World's oldest urban landscape? 13,800-year-old engraving depicts Stone Age hunter gatherer campsite
The world's first piece of landscape art may have been discovered in Spain, depicting what appears to be a Stone Age hunter-gatherer campsite 13,800 years ago. Landscapes and images of everyday life were "scarcely represented" in Paleolithic art, with those featuring huts and campsites particularly rare.
However, engravings found at the Molí del Salt (MS) site in Spain appear to show just that. Researchers from the University of the Basque Country and the Catalan Institute of Human Paleoecology and Social Evolution published their findings in the journal PLOS One.

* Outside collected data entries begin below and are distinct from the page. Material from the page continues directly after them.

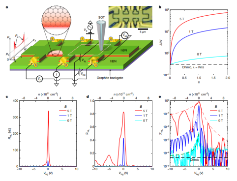 范德瓦爾斯異質結構具有許多獨特的電子性質。非局部測量,即在遠離預期經典載流子流的接觸處測量電壓,已廣泛用于尋找新的輸運機制,包括無耗散自旋和谷輸運拓撲電荷中性流體動力流和螺旋邊緣模式。已經發現單層、雙層、少層石墨烯、過渡金屬二鹵化物和莫爾超晶格顯示出明顯的非局部效應。然而,這些效應的起源仍存在激烈的爭論。特別是石墨烯,在電荷中性時表現出巨大的非定域性,這一驚人的行為吸引了其他不同的解釋。鑒于此,作者利用尖端的超導量子干涉裝置(SQUID-on-tip)進行納米尺度的熱成像和掃描柵成像,證明了石墨烯邊緣常見的電荷積累會導致巨大的非定域性,產生支持長程電流的狹窄導電通道。出乎意料的是,邊緣電導雖然對零磁場下的電流流動影響不大,但在中等磁場下會導致邊緣和體輸運之間的場致解耦。在電荷中性處以及遠離電荷處所產生的巨大的非定域性會產生對邊緣無序敏感的奇異流動模式,其中電荷可以逆著全局電場流動。觀測到的一維邊緣輸運是通用的和非拓撲的,預計將支持許多電子系統中的非局部輸運,揭示了許多有爭議的觀察結果,并將它們與系統邊緣上的遠程引導電子態聯系起來。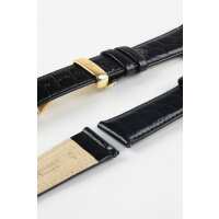 Hirsch CROCOGRAIN Crocodile Embossed Leather Watch Strap in BLACK 18mm/16mm / 120mm/80mm / Gold Sport Deployment Clasp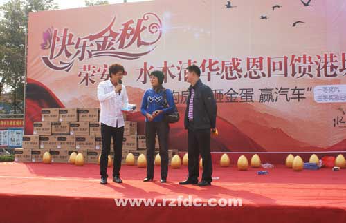 10月22日,荣安集团快乐金秋系列顾客回馈活动在东港区政府广场举行,凡在水木清华购置房产的客户均可报名参与砸金蛋赢大奖的活动,荣安集团为广大客户准备了精美丰厚的大奖,一等奖汽车,二等奖海尔冰箱,三等奖雅迪电动车,四等奖微波炉。更有各种精美的小礼品奉送给积极参与活动的广大市民。

Normally, engravings from this period show animals and signs linked to magic or religious conceptions, the team said. "This slab displays seven semi-circular motifs that may be interpreted as the representation of dome-shaped huts," they wrote. "The analysis of individual motifs and the composition, as well as the ethnographic and archaeological contextualisation, suggests that this engraving is a naturalistic depiction of a hunter-gatherer campsite."
The slab has seven engraved semi-circular motifs on with internal lines arranged in two rows. Analysis of motifs and composition together with archaeological records led authors to come to the conclusion it depicts a campsite.
Camps and huts were thought to be the first stage in the contraction of the human landscape. While documented dwellings are not common, some remnants of dwelling structures have been identified and these tend to exhibit circular or oval plans. The MS slab appears to show seven semi-circular huts, the researchers said.
"The MS engraving shows the possibility of interpreting some of the signs of Palaeolithic art as representations of tangible images from real perceptions," the team wrote, saying the engraving can be considered as a "frozen and photographic image" of a human landscape, offering a "different version of Palaeolithic art based on a social image".
"This engraving is one of the few examples of architecture and anthropic landscape art so far documented in Palaeolithic archaeology. Unlike other purported examples of landscape depictions, it mainly represents a human landscape, suggesting that the human world was the main concern of the artist. Given the social meaning of campsites in a hunter-gatherer organisation, it can be considered one of the first artistic representations of the domestic and social space of a human group."